Recently, Zhejiang University and Alibaba Damo Academy jointly released a noteworthy study aimed at creating high-quality multimodal textbooks through instructional videos. This innovative research not only provides new insights for training large-scale language models (VLMs) but may also change the way educational resources are utilized.

With the rapid development of artificial intelligence technology, the pre-training data for VLMs primarily relies on text-image paired data and intertwined text-image corpora. However, the current data mostly comes from the web, where the correlation between text and images is weak, and the knowledge density is relatively low, making it ineffective for supporting complex visual reasoning.

image.png

To address this challenge, the research team decided to extract high-quality knowledge corpora from the vast array of instructional videos available online. They collected over 159,000 instructional videos, and after meticulous filtering and processing, ultimately retained 75,000 high-quality videos covering various subjects such as mathematics, physics, and chemistry, with a total duration exceeding 22,000 hours.

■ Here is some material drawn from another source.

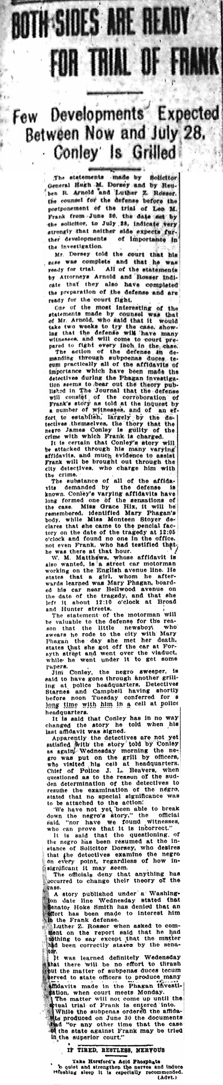 The statements made by Solicitor General Hugh M. Dorsey and by Reuben R. Arnold and Luther Z. Rosser, the counsel for the defense before the postponement of the trial of Leo M. Frank from June 30, the date set by the solicitor, to July 28, indicate very strongly that neither side expects further developments of importance in the investigation.
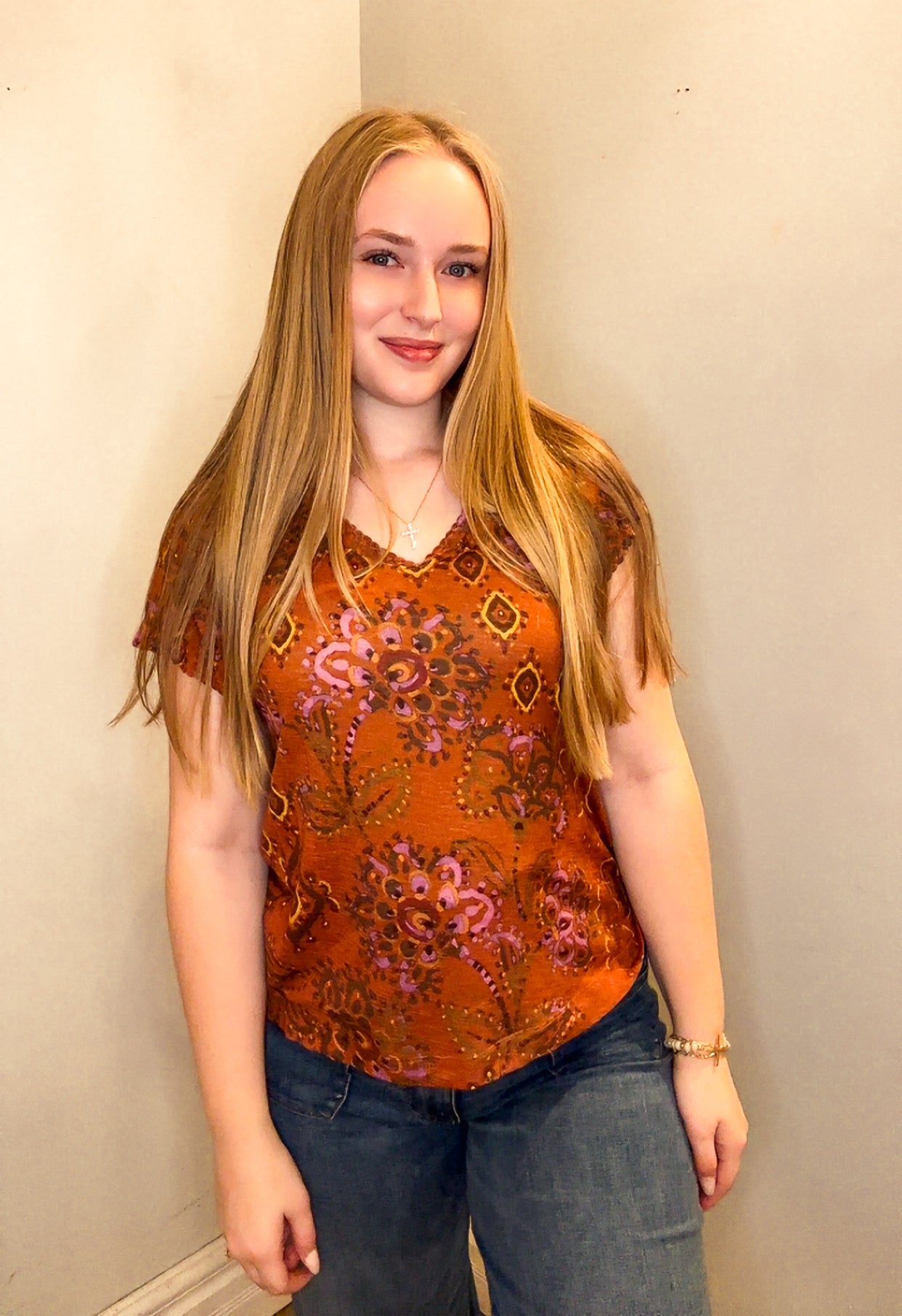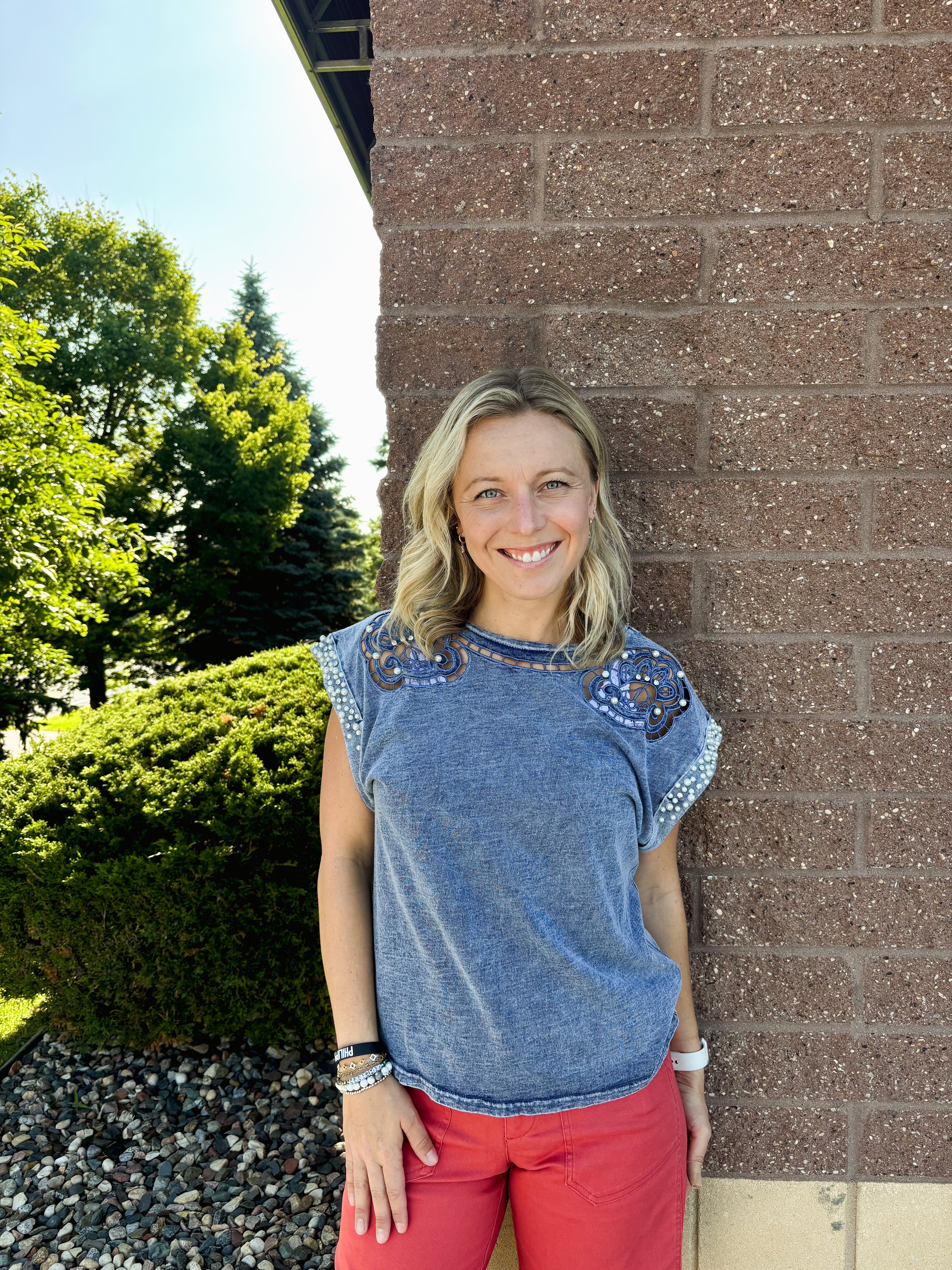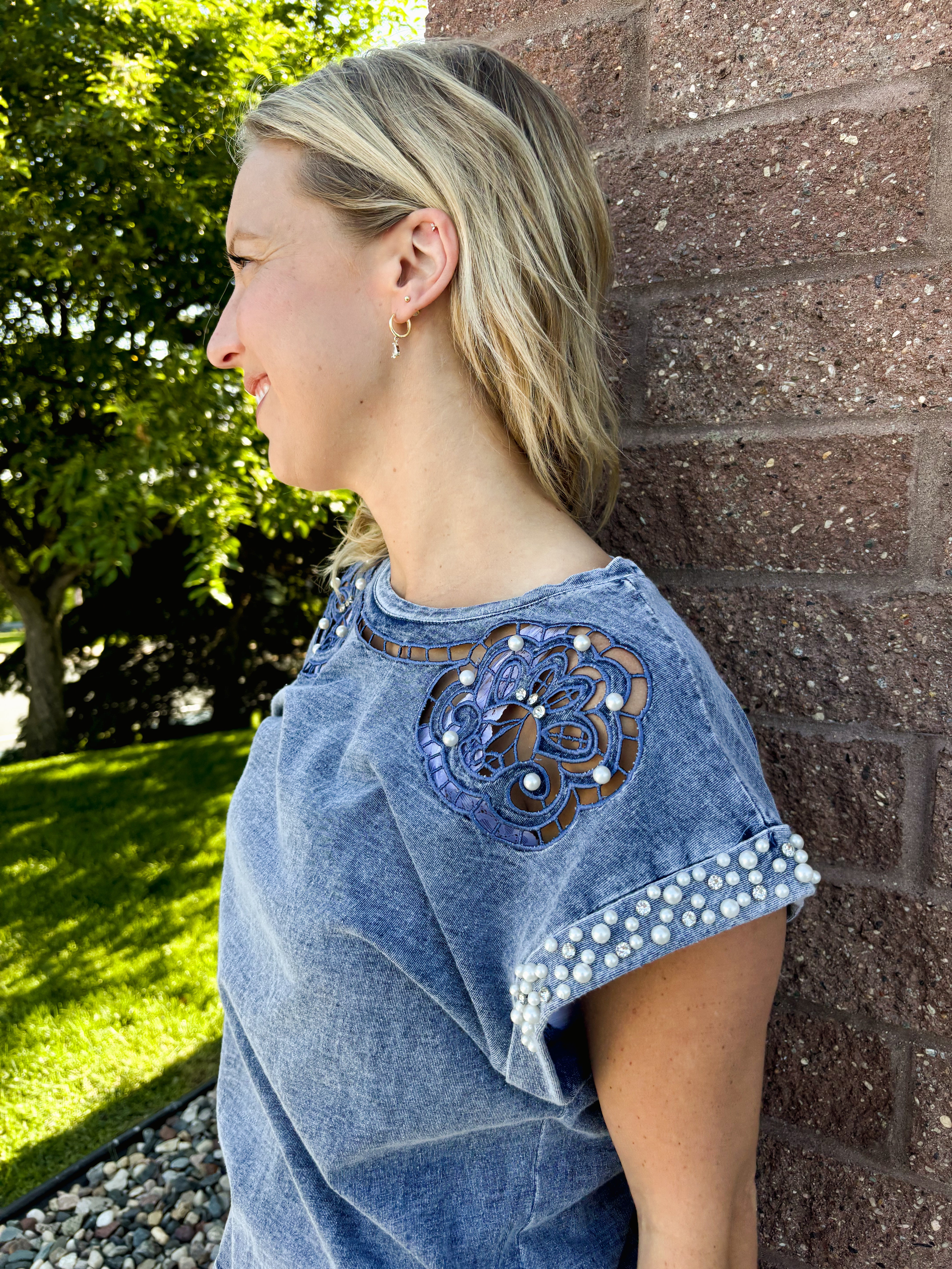Lace N Rhinestone Trim Neck Tee

The researchers designed a complex "video to textbook" processing pipeline. First, they used automatic speech recognition (ASR) technology to transcribe the spoken content in the videos into text. Then, through image analysis and text matching, they filtered out segments that were highly relevant to the knowledge points. Finally, these processed key frames, OCR texts, and transcribed texts were interwoven to create a content-rich and well-structured multimodal textbook.

image.png

The preliminary results of this research indicate that compared to previous web-centric datasets, the newly generated textbook dataset shows significant improvements in knowledge density and image relevance, providing a more solid foundation for VLMs' learning. Moreover, the study has garnered widespread attention in the academic community, with the related dataset rapidly climbing the popularity charts on the Hugging Face platform, accumulating over 7,000 downloads in just two weeks.

Through this innovative attempt, the researchers hope to not only advance the development of VLMs but also open up new possibilities for the integration and application of educational resources.